Table 11. Independence tests between Return on CD and Type of cdrate data set from [9]. In Equations (2) and (3), B = 5000.

Test	${\mathit{\chi }}^2$	${\mathit{JLND}}_{\mathit{n}}$ (Equation (2))	${\mathit{JLND}}_{\mathit{n}}$ (Equation (3))
p-value	0.0558	0.0320	0.0068
Statistic’s value	45.6450 (df = 32)	50.275	50.275

), see [1].

In Table 11 we see the results for testing $H_0.$ We see that according to $JLN{D}_n$’s test we must reject $H_0,$ which seems to be confirmed by Figure 7. Figure 7 comparatively shows the performance of variable Return on CD, for the two values of variable Type.

We conclude this section with a case of the wine data set, Class vs. Alcohol. Figure 8 shows the relationship in which we wish to verify whether independence can be rejected. Class registers 3 possible values and Alcohol has been registered with low precision, which leads to observing ties. The observed value of $JLN{D}_n$ is $jln{d}_0=99.438.$ The p-value given by the Equations (2) and (3) indicate the rejection of $H_0.$ By the Equation (2) we obtain a p-value = 0.0004 and by the Equation (3) we obtain a p-value < 0.00001.

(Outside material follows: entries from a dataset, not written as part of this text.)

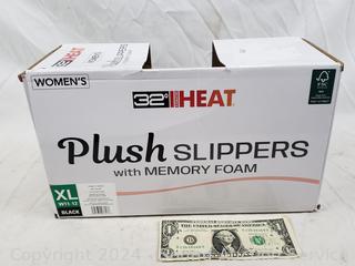Lot #0137: Women's 32° Heat Black Plush Memory Foam Slippers S:XL
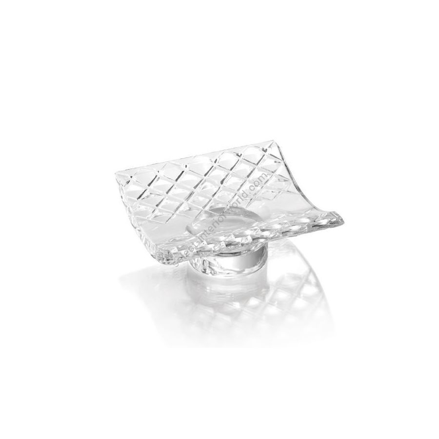 Italian hand-cut crystal set with three-dimensional rhombus pattern. Soap Dish. Functional elements that create an extremely elegant, welcoming and high-value bathroom.
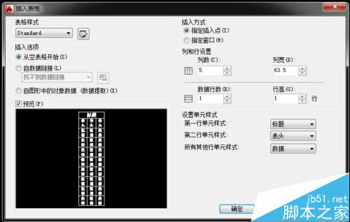 1、先打开CAD,找到菜单栏中的“绘图”菜单项,点击其中的“表格”选项,出现如下图对话框:

We note that in the cases of Figure 5 we have verified that the test $JLN{D}_n$ through Equation (3) offers lower p-value than the version given by Equation (2). In the cases of Figure 6 and Figure 8, it may simply be an effect of computational precision. For the other cases, it is necessary to take into account that the Bootstrap version, by tending to create more ties, shows a tendency to underestimate the cumulative distribution, in other words, ${\widehat{F}}_{JLN{D}_n}^B\left(q\right)\le F_{JLN{D}_n}\left(q\right)$ where $F_{JLN{D}_n}(·)$ is the true cumulative distribution. Due to the increasing tendency shown by the cases addressed (see Figure 5), it is expected that the observed value of the statistic $JLN{D}_n,$ $jln{d}_0,$ in each case is positioned in the upper tail of the distribution, which leads to the p-value be given by $2(1-{\widehat{F}}_{JLN{D}_n}^B\left(jln{d}_0\right)),$ see Definition 4. As a consequence $2(1-{\widehat{F}}_{JLN{D}_n}^B\left(jln{d}_0\right))>2(1-F_{JLN{D}_n}\left(jln{d}_0\right)).$ With the proposal made through Equation (3), we seek to correct the underestimation, since it does not favor the proliferation of ties. Which would explain the relationship between the p-value.

5. Concluding Remarks

In this article, we investigate the performance of the $JLN{D}_n$ statistic to identify dependence on bivariate random vectors from a paired sample of size $n.$ The procedure requires identifying the LNDSS that can be found on the graph between the marginal ranks of the paired observations, see Definitions 1 and 2. The goal is to compare the length of such subsequence (Definition 3) with the length of all possible subsequences, under the assumption of independence. This means, imposing an uniform distribution on the expanded ${\mathcal{S}}_n$ space. For the formulation of the procedure, it is required to estimate the distribution of the statistic $JLN{D}_n,$ under the assumption of independence and, in this paper it is given by Equation (3) (see also Definition 4). The estimation proposed in this paper shows an improved performance compared with the one given in [5], see Section 2.1. The concept, longest non-decreasing subsequence, allows us to build a tool without restrictions over the type of variable, continuous or discrete in which it can be applied. From the simulation study we confirm that the detection power of the procedure occurs in situations with an increasing pattern from left to right and from bottom to top, which is the direction in which the $JLN{D}_n$ statistic is sought (see Figure 1). The observations can be associated with continuous or discrete variables, not affecting the power of the test. The concomitant presence of increasing patterns and decreasing patterns does not necessarily nullify the detection capacity of the procedure if the size of the samples is big enough. We also verify the robustness of the procedure when inspecting cases that suffer contamination that could conceal the dependence. See Table 4, Table 5, Table 6, Table 7 and Table 8, we use different real data sets that expose the versatility of the procedure to reject independence in situations such as (a) in the presence of ties, (b) in the presence of sparseness, (c) in mixed situations.